Lettre N°36 -Avril 2021

Rien de spécial



















Nous devons nous confondre à la pratique jusqu'à l'oublier, jusqu'à la laisser imprégner chaque recoin de notre existence, sans même en avoir conscience, car avoir conscience que nous sommes des pratiquants, c'est encore privilégier quelque chose qui serait « à part ». Le zen, c'est la vie. Tant que nous sommes dans l'intention de faire quelque chose de spécial, en pratiquant, nous favorisons le clivage qui consiste à vivre sur deux plans : celui que l'on nomme « spirituel » et celui que l'on désigne comme « existentiel ». Cette dichotomie, outre le fait qu'elle favorise un certain orgueil, entretient des pensées inutiles sur ce qui devrait être et ce qui ne devrait pas être.

Dürckheim disait ceci : « Tant que persiste une forme de tension entre ce que l'homme est et ce qu'il voudrait être, il reste éloigné de sa nature profonde ». Tant que l'homme ne se sent pas conforme à ce qu'il prétend devoir être, il ne peut faire l'expérience du vivant.

Nous avons donc besoin de prendre en considération la dureté que notre conscience nous inflige lorsqu'elle se vit séparée de son Être de nature, parce que justement celui-ci a été placé dans la case d'un « bel idéal spirituel ».

La perception que nous avons de nous-mêmes est tout à fait limitée par nos schémas de conscience, nos croyances, les attributions qui nous ont été données dans l'enfance. Il arrive ainsi que nous nous placions sous haute surveillance et passions beaucoup de temps dans l'exercice à nous reprendre, ce qui est tout à fait juste, mais la manière dont nous le faisons ne l'est pas. Le jugement, sur le mode du reproche, accentue cette limitation du personnage que nous sommes et dont nous n'arrivons pas à nous délivrer, il nous sépare de la situation. Et c'est bien cela qu'il faut prendre en compte, le jugement nous place dans la dualité.

Lorsque nous nous échappons de l'acte de marcher, de l'acte de s'asseoir, revenir, certes, mais avec bienveillance et équanimité. Juste se mettre à l'écoute, sans juger, consentir à ces atermoiements, sans aucun commentaire. Ceci ne peut avoir lieu qu'à partir de l'unité du corps perçue sensoriellement et qui peut alors tout embrasser : la grandeur de notre Être au monde et l'expérience de la plus ordinaire de notre humaine condition.

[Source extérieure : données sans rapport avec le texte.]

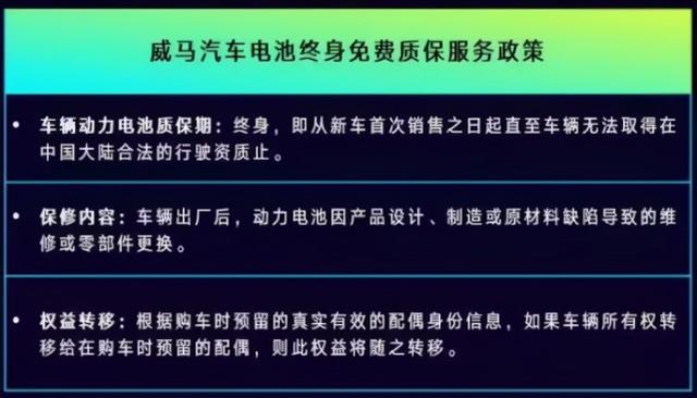 在售后服务方面,比亚迪为电池提供了8年15万公里的质保,而威马汽车则推出了电池终身免费质保政策,解决用户的焦虑和痛点,这是对自身产品的自信。

L'unité du corps perçue à travers cette forme ronde et pleine devient le giron accueillant et inconditionnel d'une fragilité devenue consciente d'elle-même mais acceptée.

Ne prétendre à rien de spécial, c'est ressentir l'unité. C'est aussi simple que cela. L'absence de jugement ne se fabrique pas mentalement, seul le corps à partir de ses capacités d'accueil, de disponibilité, d'équanimité, peut nous en laisser percevoir le goût et substituer l'acceptation au clivage.

La pratique corporelle du zazen remet en cause nos automatismes de pensée les plus ancrés, comme celui de devoir élever ou rabaisser quelque chose. Aucune justesse, aucune équanimité ne peut naître de structures figées dans des lois (cependant nécessaires) ou des dogmes, et c'est pourtant ce sur quoi nous échouons dans notre pratique, lorsque nous laissons peser sur nous un jugement. Nous nous rendons aveugles quant à notre vraie grandeur, celle qui selon Dogen exprime « que tout commence et que tout finit ici, dans l'expérience la plus triviale, la plus ordinaire de notre condition ».

« La grandeur, dit Éric Rommeluère, c'est déjà simplement commencer par mesurer que nous avons un corps, que nous sommes corps. La grandeur ne consiste pas à nous abstraire de ce monde, de ce corps que nous avons, mais à reconnaître que nous sommes, de part en part, toutes ces humeurs, ces dérèglements et ces limitations ».

Libérés de devoir faire plus, nous pouvons nous consacrer à l'expérience de la simplicité et donc d'une infinie liberté. Il n'y a rien de spécial.